:: Recorded data ::

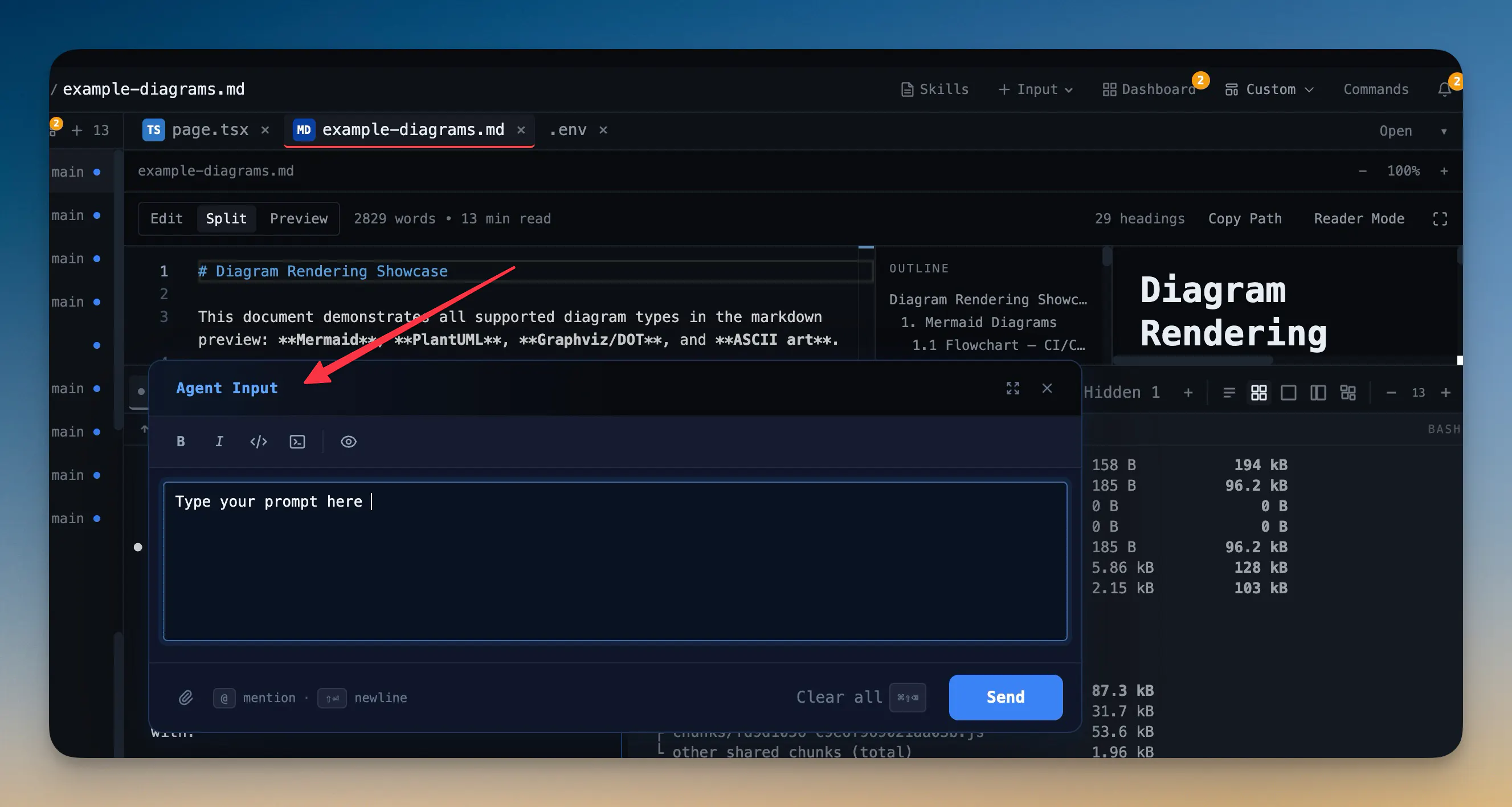 ✍️ Agent Input (Cmd+I) — Expandable prompt editor. Edit files, images, markdown, even screenshots. If you’re writing hints in Notes/Obsidian and pasting them into Terminal, this replaces it.
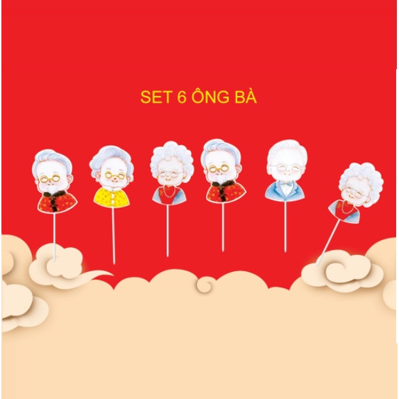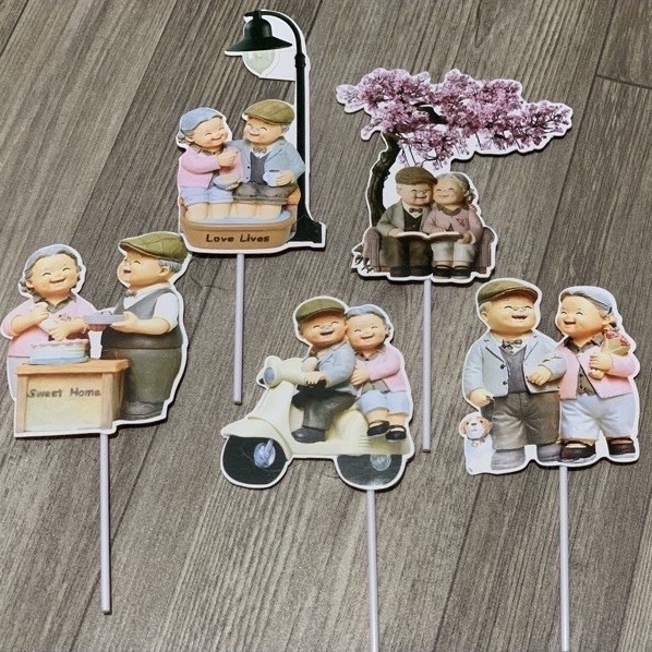Set hình giấy ông bà trang trí bánh sinh nhật sinh nhật, bánh mừng thọ set cắm giấy hiện đại
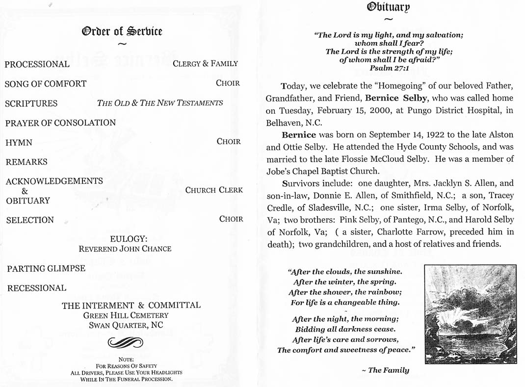 NORFOLK, VA. - Sammie Lee SELBY, 62, died on September 2. He was a native of Engelhard and was the son of the late Arthur and Mable Selby. He was a member of Phillippi Church of Christ Disciples. He was married to Barbara King. He was employed by Hebrew National in Maspath, N.Y. until his retirement in 1980. He was a graduate of Hyde County public schools and a believer in lifelong learning. Sammie studied biology and chemistry at Norfolk State University. Survivors include son, Sammie Tyrone Selby of Rio Rancho, N.M.; four daughters: Cheryl Selby and Lisa Patterson of North Plainfield, N.J., Angela Selby of Bronx, N.Y. and Brittany Selby of Norfolk; three brothers: Charlie Selby, David Selby and John Selby; three sisters: Lucinda S. Davenport, Rebecca S. Bryant and Flonia S. Davenport; 6 grandchildren; and a host of nieces, nephews and other relatives and friends. A memorial service was held Wednesday in Graves Funeral Chapel. Interment will be in Green Hill Cemetery in Engelhard. (The Coastland Times - Thursday, September 9, 1999; pg. 10A)
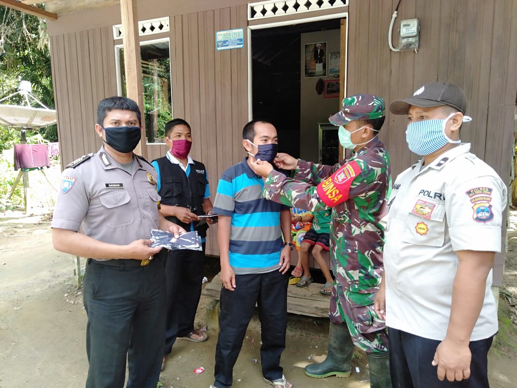 BARABAI-Babinsa Koramil 1002-07/Pagat Serda Sapto, Bhabinkamtibmas dan aparatur kecamatan Hantakan melakukan pembagian masker gratis kepada warga masyarakat desa Kindingan kecamatan Hantakan Kabupaten Hulu Sungai Tengah (HST).Senin (07/12).

:::

■ Task to complete ■
Output the material word for word, omitting its pictures.

■ Answer area ■
 ✍️ Agent Input (Cmd+I) — Expandable prompt editor. Edit files, images, markdown, even screenshots. If you’re writing hints in Notes/Obsidian and pasting them into Terminal, this replaces it.
Set hình giấy ông bà trang trí bánh sinh nhật sinh nhật, bánh mừng thọ set cắm giấy hiện đại
 NORFOLK, VA. - Sammie Lee SELBY, 62, died on September 2. He was a native of Engelhard and was the son of the late Arthur and Mable Selby. He was a member of Phillippi Church of Christ Disciples. He was married to Barbara King. He was employed by Hebrew National in Maspath, N.Y. until his retirement in 1980. He was a graduate of Hyde County public schools and a believer in lifelong learning. Sammie studied biology and chemistry at Norfolk State University. Survivors include son, Sammie Tyrone Selby of Rio Rancho, N.M.; four daughters: Cheryl Selby and Lisa Patterson of North Plainfield, N.J., Angela Selby of Bronx, N.Y. and Brittany Selby of Norfolk; three brothers: Charlie Selby, David Selby and John Selby; three sisters: Lucinda S. Davenport, Rebecca S. Bryant and Flonia S. Davenport; 6 grandchildren; and a host of nieces, nephews and other relatives and friends. A memorial service was held Wednesday in Graves Funeral Chapel. Interment will be in Green Hill Cemetery in Engelhard. (The Coastland Times - Thursday, September 9, 1999; pg. 10A)
 BARABAI-Babinsa Koramil 1002-07/Pagat Serda Sapto, Bhabinkamtibmas dan aparatur kecamatan Hantakan melakukan pembagian masker gratis kepada warga masyarakat desa Kindingan kecamatan Hantakan Kabupaten Hulu Sungai Tengah (HST).Senin (07/12).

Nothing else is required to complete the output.